▸ **Task to carry out**: Set down the full listing below word for word; pictures stay out of the copy.
----- Supplied data
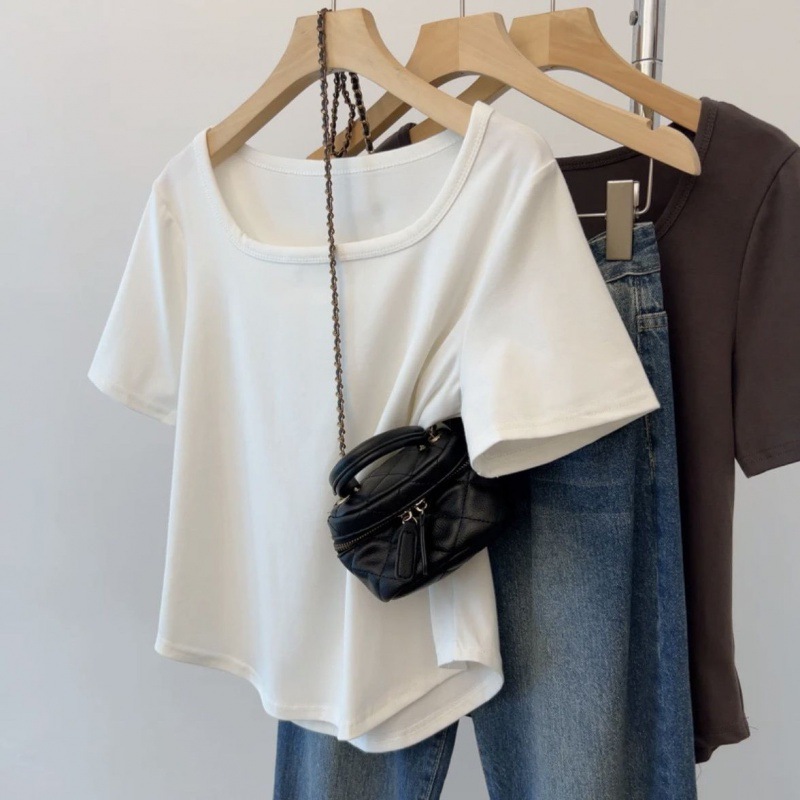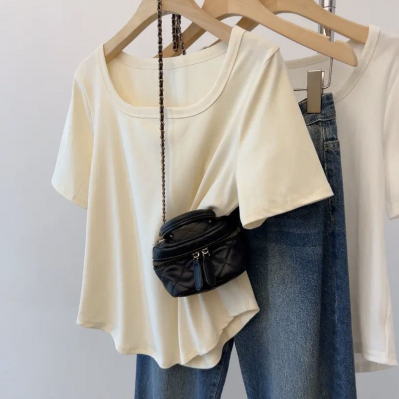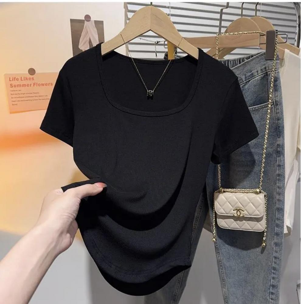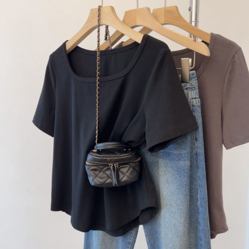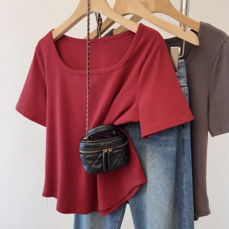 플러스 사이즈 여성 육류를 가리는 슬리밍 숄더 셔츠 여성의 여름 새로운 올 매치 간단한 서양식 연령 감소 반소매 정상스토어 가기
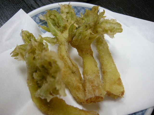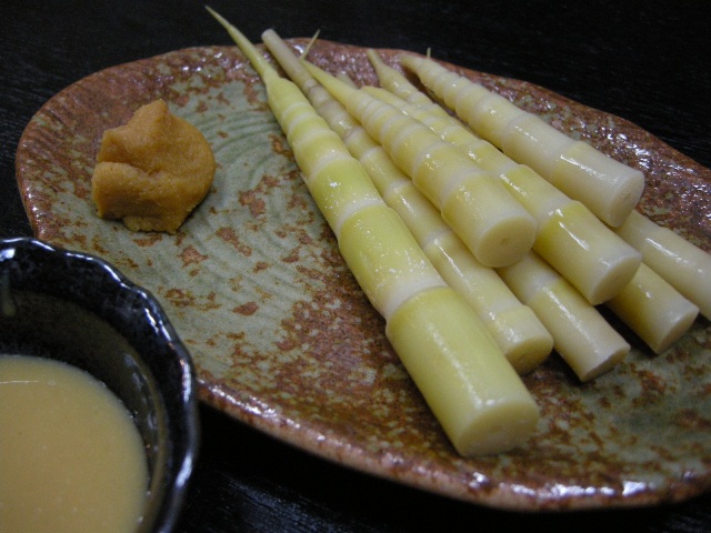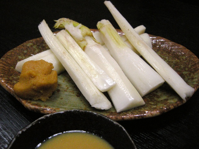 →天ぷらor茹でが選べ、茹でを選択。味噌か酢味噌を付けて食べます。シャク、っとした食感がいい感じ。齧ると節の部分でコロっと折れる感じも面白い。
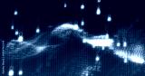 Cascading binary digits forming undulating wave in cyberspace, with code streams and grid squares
----------
▸ **Answer for this exercise**:
 플러스 사이즈 여성 육류를 가리는 슬리밍 숄더 셔츠 여성의 여름 새로운 올 매치 간단한 서양식 연령 감소 반소매 정상스토어 가기
 →天ぷらor茹でが選べ、茹でを選択。味噌か酢味噌を付けて食べます。シャク、っとした食感がいい感じ。齧ると節の部分でコロっと折れる感じも面白い。
 Cascading binary digits forming undulating wave in cyberspace, with code streams and grid squares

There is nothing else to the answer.